麻は、“振動する哲学”だった。

縄文・タオ・大麻、三つの古層がいま共鳴する

煙はただの嗜好品ではない。それは、太古から続く“哲学”の入口だった。

かつて、人々は「道(タオ)」を生きていた。川の流れに逆らわず、風に抗わず、ただ“調和”の中に身を置くことこそ、最高の知性だった。そして、同じ“道”が、遥か極東の島・日本でも育まれていた。それが、縄文の精神性であり、麻(アサ)の文化だった。現代では、麻は“産業資源”や“薬物”という枠で語られがちだ。だが実は、それは道(タオ)そのものをまとう、振動する植物だった。

麻は“天”とつながる植物だった

縄文時代の遺跡からは、麻の繊維が衣類や祭具として多く出土している。日本では神社の鈴緒、注連縄、巫女の装束に至るまで、麻が霊的ツールとして用いられてきた。その理由は、麻がまっすぐ天に向かって育ち、風にしなやかに揺れる性質を持っているからだ。まさにそれは、自然に逆らわずに天とつながる“道(タオ)”の象徴だった。着ることで、身を正す。焚くことで、場を清める。編むことで、言葉を結ぶ。麻は、単なる植物ではない。生きた思想だった。

タオ=無為自然、麻=振動と共鳴

道教の核心にある「無為自然(むいしぜん)」とは、何も足さず、何も引かず、ただ“調和の中にあること”を意味する。大麻を吸うことで得られる“無意識の覚醒”や“気づき”の体験は、まさにこの「無為自然」に限りなく近い意識状態とも言える。タオにおける“気”とは、宇宙に満ちる目に見えない振動体。そして麻の繊維も、同じく共振するエネルギー体として用いられてきた。たとえば、陰陽師が使う「五色の麻紐」、修験者が用いる「護身の麻衣」 それらは、身体を“宇宙の周波数”に同調させる装置だった。 つまり、麻とは単なる植物ではなく、身と心を“道(タオ)”に戻す鍵だったのだ。

縄文・タオ・麻を貫く“言霊の構造”

興味深いのは、この三つに共通して“音と言葉の力”が重視されている点だ。縄文人は“音”を器に刻んだ。土笛、石笛、縄文土器に宿る音霊は、彼らの宇宙観そのものだった。道教では“音律”が修行の柱とされ、真言・呼吸・太極拳はすべて周波数調律の技法である。麻文化では、焚いた煙と共に祝詞(のりと)=波動言語が放たれる。

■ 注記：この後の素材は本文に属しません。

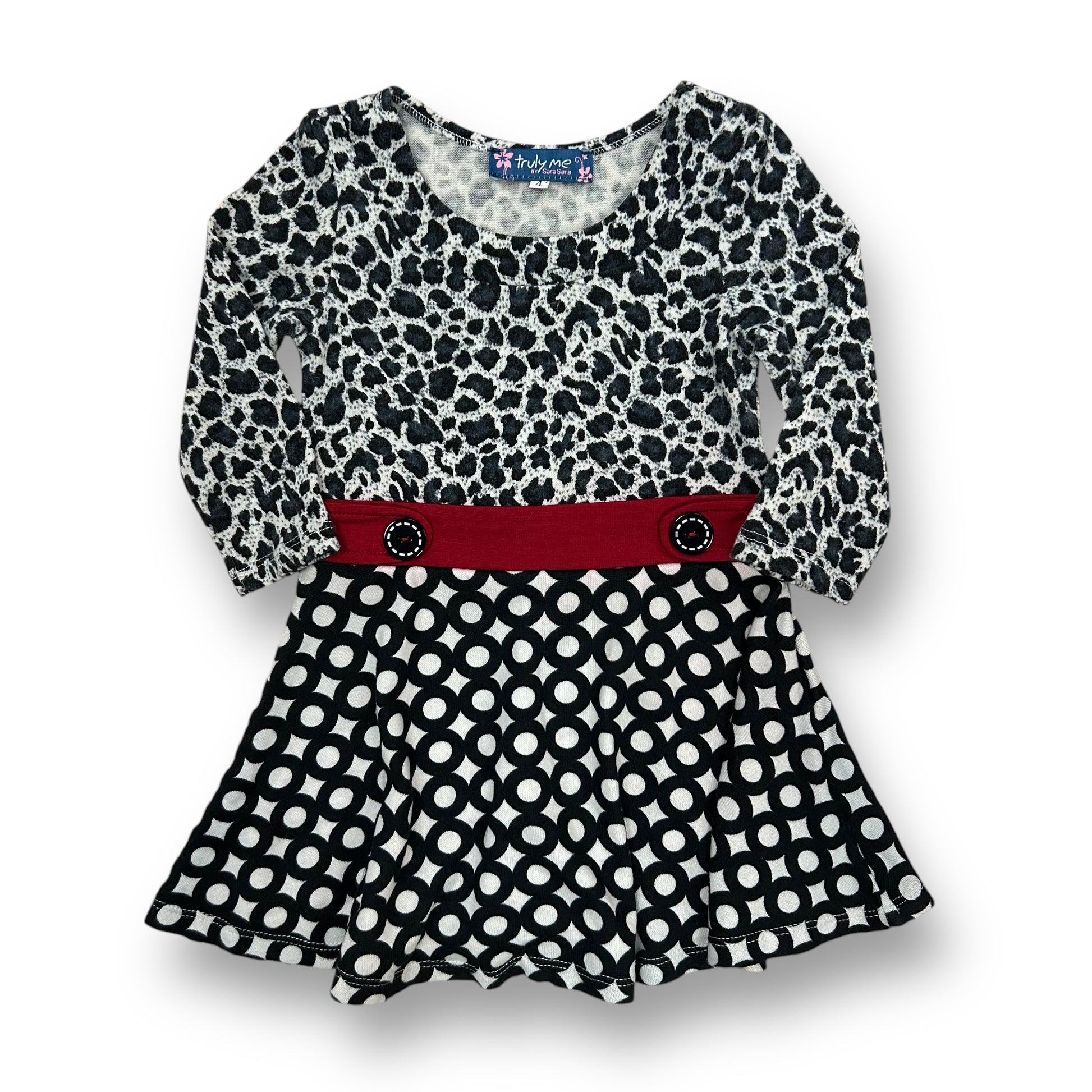 Sara Sara Girls Size 4 Black Print Belted Special Occasion Boutique Dress

つまり、「大麻+音(言霊)」の組み合わせは、東洋古来の“チューニング装置”だった。ヒップホップにおいて「マイクを握る」ことが“儀式”であるように、太古の巫女たちは“麻と声”によって、見えない領域を動かしていた。

いま、再び“道”へ戻る時代

21世紀、人類は再び“コントロールから、調和へ”というパラダイム転換に直面している。AI、金融、軍事、SNS――どれも制御可能だが、決して調和的ではない。その中で、人々は“感じる知性”へと回帰しつつある。それはつまり、縄文的な感覚=道(タオ)への帰還でもある。麻が世界中で見直されているのは、決して“金になるから”だけではない。その波動が、地球の意識変容とリンクしていることに、人々が無意識に気づき始めているからだ。

麻は、“古代の哲学そのもの”である。

麻は着るものでも、吸うものでも、燃やすものでもある。だが本質的には、それは“生きる態度”そのものだった。縄文は、タオを知らずしてタオを生きた。そして現代人は、麻を嗜好品として扱いながら、その深奥に「道への鍵」があることを感じ始めている。麻とは、振動する哲学。その波動に共鳴する時、わたしたちは再び、“つながる”ことができるのかもしれない。